Casting a fresh eye on the Tuam controversy

IRELAND
Irish Times

Kathy Sheridan

Wed, Jun 18, 2014

A visit from the sincerely unloved parish priest was the last thing we needed after a hellish winter’s night holding a bellowing, colicky newborn by her armpits to quell the pain. I cowered nearby while my husband diverted him. But the sonorous voice travelled over several rooms: “There’s nothing as evil as an evil woman,” he boomed, about a case that was making the papers at the time.

His next visit was to acknowledge the birth of a second girl-child. In the bafflingly long, uncomfortable silence, he peeled an orange before heading for the door, signing off with a prayerful: “Ah shur mebbe it’ll be a little boy the next time.”

Yes, I have baggage where the institutional church is concerned. Most of us do, back through multiple generations. Vile misogyny is only the half of it. But as the media gallops away on another Dan Brown- style Angels and Demons blockbuster, it is all starting to sound a little too convenient.

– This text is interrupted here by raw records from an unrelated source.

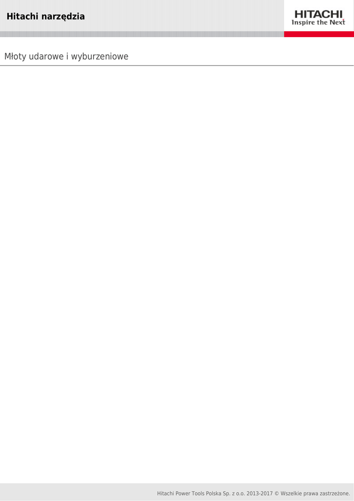 Hitachi narzędzia Młoty udarowe i wyburzeniowe Hitachi Power Tools Polska Sp. z o.o. 2013-2017 © Wszelkie prawa zastrzeżone.
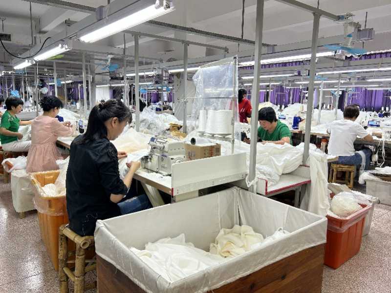 婚纱晚礼服知名企业广东名瑞(集团)股份有限公司生产车间内,女工们正忙着操控缝纫机,为即将到来的美国订单赶工。
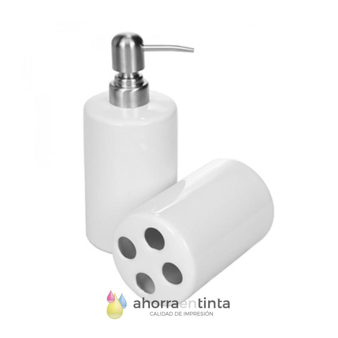 Juego de dispensador de jabón y porta cepillos en cerámica sublimable

When the kneejerk response to honest reporters or objective historians is a snorted “the cover-up begins”; when it requires real bravery to mildly suggest that perhaps critics might look at historical context, it starts to look a lot like bullying. To see this directed at Irish Times journalists – usually unfairly cast as the cheerleaders of the anti-church regiments – is almost amusing. Is it possible to ask for reflection without risking condemnation as a fellow-traveller?